We are analyzing the streaming twitter data to find users who are posting similar (almost same) tweets over and over. I am using MATCH_RECOGNIZE for this. It is able to find the pattern, but I am not able to get the FIRST() and the LAST() values correctly. Here is sample dataset:
I am using the following Query:
SELECT
USERID
, NUM_OF_TWEETS
, FIRST_TWEET
, LAST_TWEET
, FIRST_TWEET_ID
, LAST_TWEET_ID
FROM SCRATCH.SAQIB_ALI.TWEETS
MATCH_RECOGNIZE(
PARTITION BY USERID
ORDER BY TWEETID ASC
MEASURES
FIRST(TWEET) AS FIRST_TWEET,
LAST(TWEET) AS LAST_TWEET,
FIRST(TWEETID) AS FIRST_TWEET_ID,
LAST(TWEETID) AS LAST_TWEET_ID,
COUNT(*) AS NUM_OF_TWEETS
ONE ROW PER MATCH
PATTERN (SIMILAR+)
DEFINE
SIMILAR AS JAROWINKLER_SIMILARITY(TWEET, LAG(TWEET)) > 90
);
This correct identify the users that are posting same tweets over an over:
But I am not able to get the first tweet and the last tweet in the matching sequence.
There are multiple things at play.
The first is you only "have one row trigging a match" so first and last are the second row of you data. This can be seen by changing to ALL ROWS PER MATCH
with tweets(userid, tweetid, tweet) as (
select * from values
('elena', 1, 'aaa'),
('elena', 2, 'aaaa')
)
SELECT
*
FROM TWEETS
MATCH_RECOGNIZE(
PARTITION BY USERID
ORDER BY TWEETID ASC
MEASURES
match_number() as match_number,
FIRST(TWEET) AS FIRST_TWEET,
LAST(TWEET) AS LAST_TWEET,
FIRST(TWEETID) AS FIRST_TWEET_ID,
LAST(TWEETID) AS LAST_TWEET_ID,
COUNT(*) AS NUM_OF_TWEETS
ALL ROWS PER MATCH
PATTERN (SIMILAR+)
DEFINE
SIMILAR AS JAROWINKLER_SIMILARITY(TWEET, LAG(TWEET)) > 90
);
USERID | TWEETID | TWEET | MATCH_NUMBER | FIRST_TWEET | LAST_TWEET | FIRST_TWEET_ID | LAST_TWEET_ID | NUM_OF_TWEETS |
---|---|---|---|---|---|---|---|---|
elena | 2 | aaaa | 1 | aaaa | aaaa | 2 | 2 | 1 |
if you change to say a match that catches the first value and the lag values:
ALL ROWS PER MATCH
PATTERN (SIMILAR_before SIMILAR_after+)
DEFINE
SIMILAR_before AS JAROWINKLER_SIMILARITY(TWEET, LEAD(TWEET)) > 90,
SIMILAR_after AS JAROWINKLER_SIMILARITY(TWEET, LAG(TWEET)) > 90
you now match both the first and latter rows..
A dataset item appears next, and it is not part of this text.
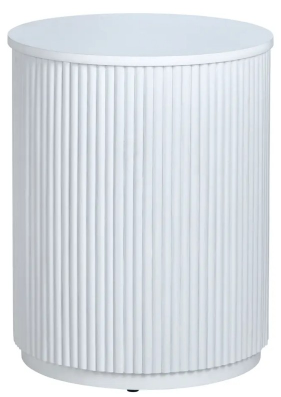 The Astoria accent table features a sleek, cylindrical white finish with elegant vertical fluting encircling its form, topped by a smooth circular surface. Part of the Crestview Collection, its refined yet textured silhouette brings transitional sophistication to any living space. Its vertical grooves add refined texture and visual interest.Read More
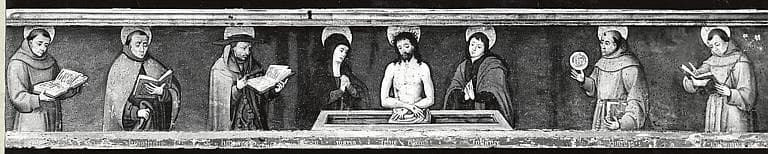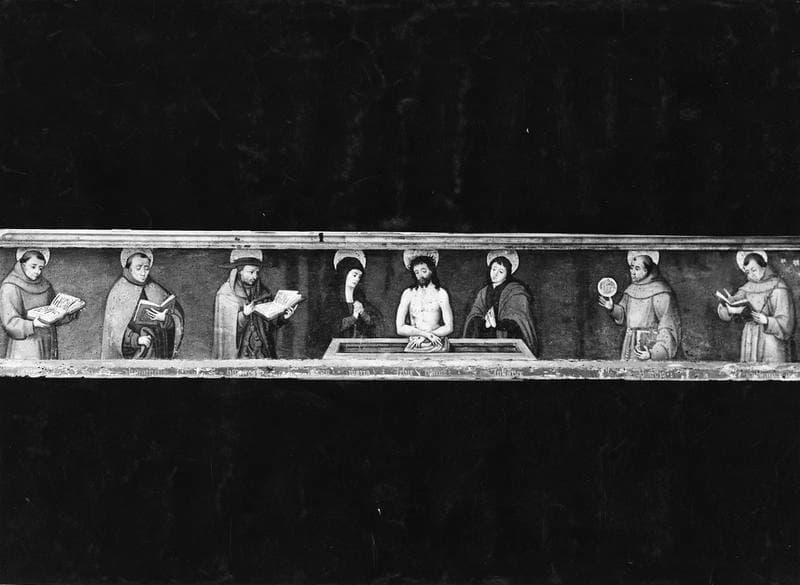 prédelle : Christ au tombeau entouré de la Vierge, saint Jean et plusieurs saints

USERID | TWEETID | TWEET | MATCH_NUMBER | FIRST_TWEET | LAST_TWEET | FIRST_TWEET_ID | LAST_TWEET_ID | NUM_OF_TWEETS |
---|---|---|---|---|---|---|---|---|
elena | 1 | aaa | 1 | aaa | aaa | 1 | 1 | 1 |
elena | 2 | aaaa | 1 | aaa | aaaa | 1 | 2 | 2 |
now if we expand our test a little bit more with four rows of data:
with tweets(userid, tweetid, tweet) as (
select * from values
('elena', 1, 'aaa'),
('elena', 2, 'aaaa'),
('elena', 3, 'aaa'),
('elena', 4, 'aaaa')
)
USERID | TWEETID | TWEET | MATCH_NUMBER | FIRST_TWEET | LAST_TWEET | FIRST_TWEET_ID | LAST_TWEET_ID | NUM_OF_TWEETS |
---|---|---|---|---|---|---|---|---|
elena | 1 | aaa | 1 | aaa | aaa | 1 | 1 | 1 |
elena | 2 | aaaa | 1 | aaa | aaaa | 1 | 2 | 2 |
elena | 3 | aaa | 1 | aaa | aaa | 1 | 3 | 3 |
elena | 4 | aaaa | 1 | aaa | aaaa | 1 | 4 | 4 |
we see those values are not double registering..
BUT we also see the first ID is correct for all rows, but the last is within the scope of the current matched row, so not after all matches as you are hoping.
If we flip back to one row per match
we do how ever get the results we are expecting.
with tweets(userid, tweetid, tweet) as (
select * from values
('elena', 1, 'aaa'),
('elena', 2, 'aaaa'),
('scott', 3, 'aaaa'),
('eva', 4, 'bbbb'),
('eva', 5, 'bbbbb'),
('amy', 4, 'eeee'),
('amy', 5, 'zzzz')
)
SELECT
USERID
, NUM_OF_TWEETS
, FIRST_TWEET
, LAST_TWEET
, FIRST_TWEET_ID
, LAST_TWEET_ID
FROM TWEETS
MATCH_RECOGNIZE(
PARTITION BY USERID
ORDER BY TWEETID ASC
MEASURES
match_number() as match_number,
FIRST(TWEET) AS FIRST_TWEET,
LAST(TWEET) AS LAST_TWEET,
FIRST(TWEETID) AS FIRST_TWEET_ID,
LAST(TWEETID) AS LAST_TWEET_ID,
COUNT(*) AS NUM_OF_TWEETS
ONE ROW PER MATCH
PATTERN (SIMILAR_before SIMILAR_after+)
DEFINE
SIMILAR_before AS JAROWINKLER_SIMILARITY(TWEET, LEAD(TWEET)) > 90,
SIMILAR_after AS JAROWINKLER_SIMILARITY(TWEET, LAG(TWEET)) > 90
);
USERID | NUM_OF_TWEETS | FIRST_TWEET | LAST_TWEET | FIRST_TWEET_ID | LAST_TWEET_ID |
---|---|---|---|---|---|
elena | 2 | aaa | aaaa | 1 | 2 |
eva | 2 | bbbb | bbbbb | 4 | 5 |